GIVEN DATA:
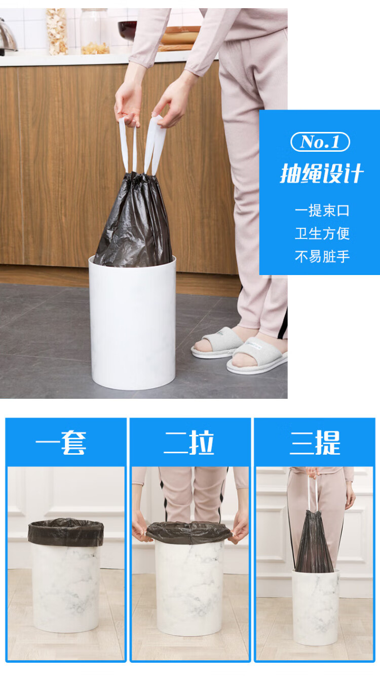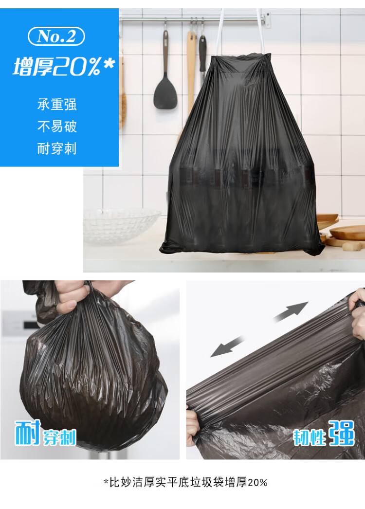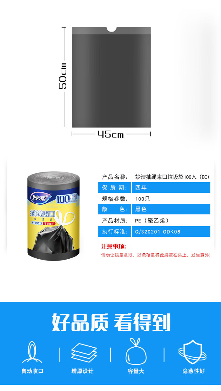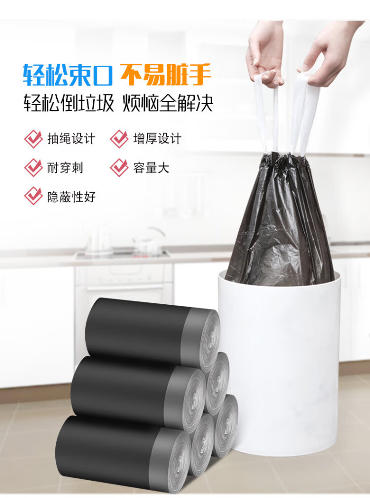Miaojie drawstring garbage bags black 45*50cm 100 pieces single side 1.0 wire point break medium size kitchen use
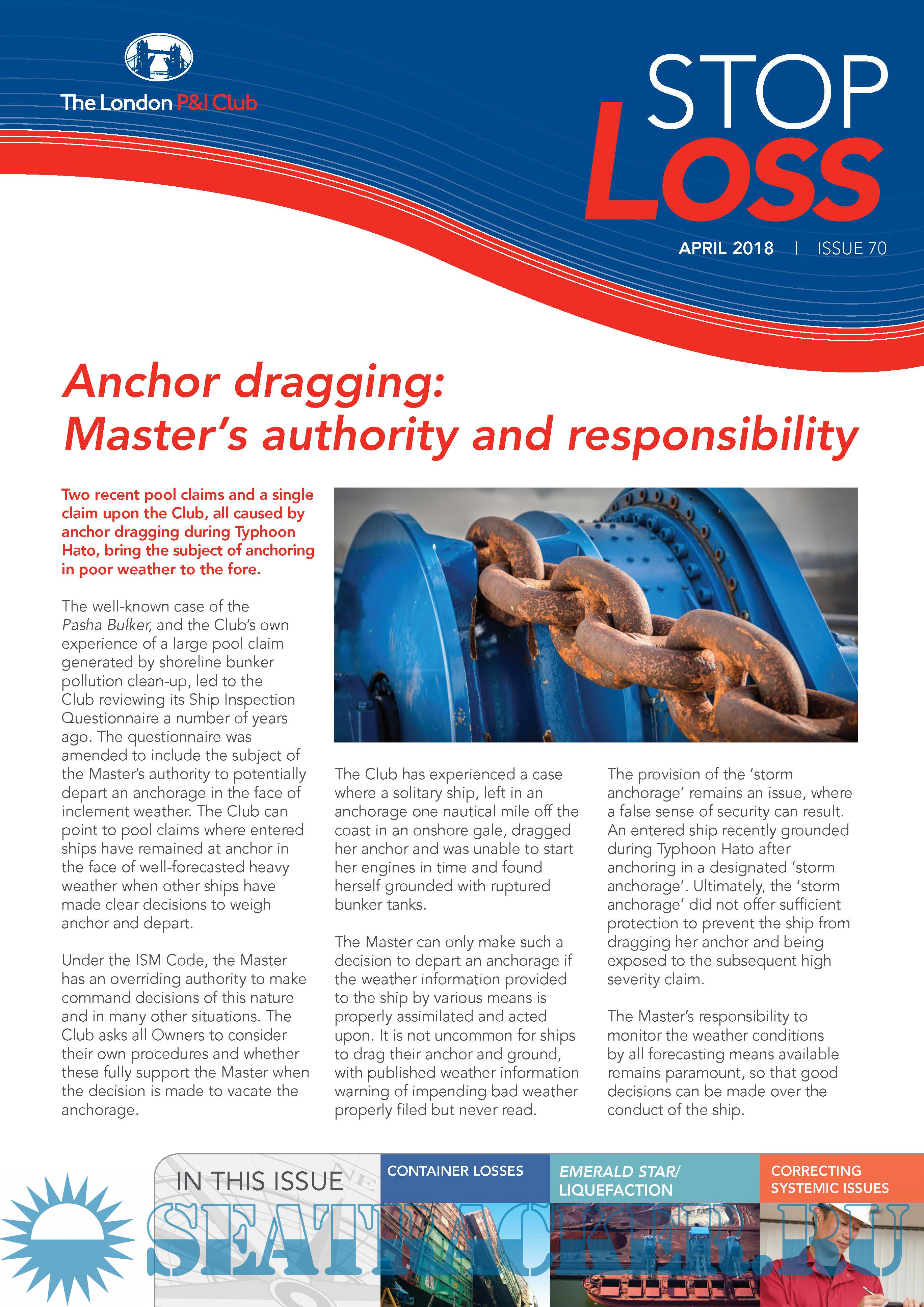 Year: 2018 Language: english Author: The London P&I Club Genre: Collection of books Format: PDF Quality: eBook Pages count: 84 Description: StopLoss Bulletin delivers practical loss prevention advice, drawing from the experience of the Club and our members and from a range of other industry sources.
* * *
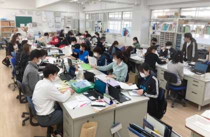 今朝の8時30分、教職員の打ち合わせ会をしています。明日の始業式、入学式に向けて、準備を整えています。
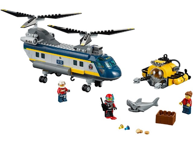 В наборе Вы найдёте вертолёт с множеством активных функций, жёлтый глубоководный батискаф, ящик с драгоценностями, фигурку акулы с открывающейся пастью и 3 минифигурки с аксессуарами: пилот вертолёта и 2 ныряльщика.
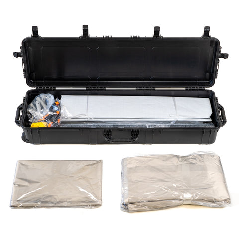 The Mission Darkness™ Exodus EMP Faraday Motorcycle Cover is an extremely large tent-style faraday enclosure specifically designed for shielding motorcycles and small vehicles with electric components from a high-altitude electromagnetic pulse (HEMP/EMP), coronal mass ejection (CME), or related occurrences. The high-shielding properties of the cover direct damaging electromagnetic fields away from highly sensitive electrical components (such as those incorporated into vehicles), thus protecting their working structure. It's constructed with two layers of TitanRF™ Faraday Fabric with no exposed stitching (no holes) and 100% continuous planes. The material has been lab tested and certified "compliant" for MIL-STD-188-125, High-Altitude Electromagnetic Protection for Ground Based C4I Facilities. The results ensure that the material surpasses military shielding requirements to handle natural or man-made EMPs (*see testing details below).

ASSIGNMENT:
Copy out exactly the lines above beginning with the line that contains "В наборе Вы" and finishing with the line that contains "The Mission Darkness™", including both; leave the pictures out.

EXPECTED ANSWER:
 В наборе Вы найдёте вертолёт с множеством активных функций, жёлтый глубоководный батискаф, ящик с драгоценностями, фигурку акулы с открывающейся пастью и 3 минифигурки с аксессуарами: пилот вертолёта и 2 ныряльщика.
 The Mission Darkness™ Exodus EMP Faraday Motorcycle Cover is an extremely large tent-style faraday enclosure specifically designed for shielding motorcycles and small vehicles with electric components from a high-altitude electromagnetic pulse (HEMP/EMP), coronal mass ejection (CME), or related occurrences. The high-shielding properties of the cover direct damaging electromagnetic fields away from highly sensitive electrical components (such as those incorporated into vehicles), thus protecting their working structure. It's constructed with two layers of TitanRF™ Faraday Fabric with no exposed stitching (no holes) and 100% continuous planes. The material has been lab tested and certified "compliant" for MIL-STD-188-125, High-Altitude Electromagnetic Protection for Ground Based C4I Facilities. The results ensure that the material surpasses military shielding requirements to handle natural or man-made EMPs (*see testing details below).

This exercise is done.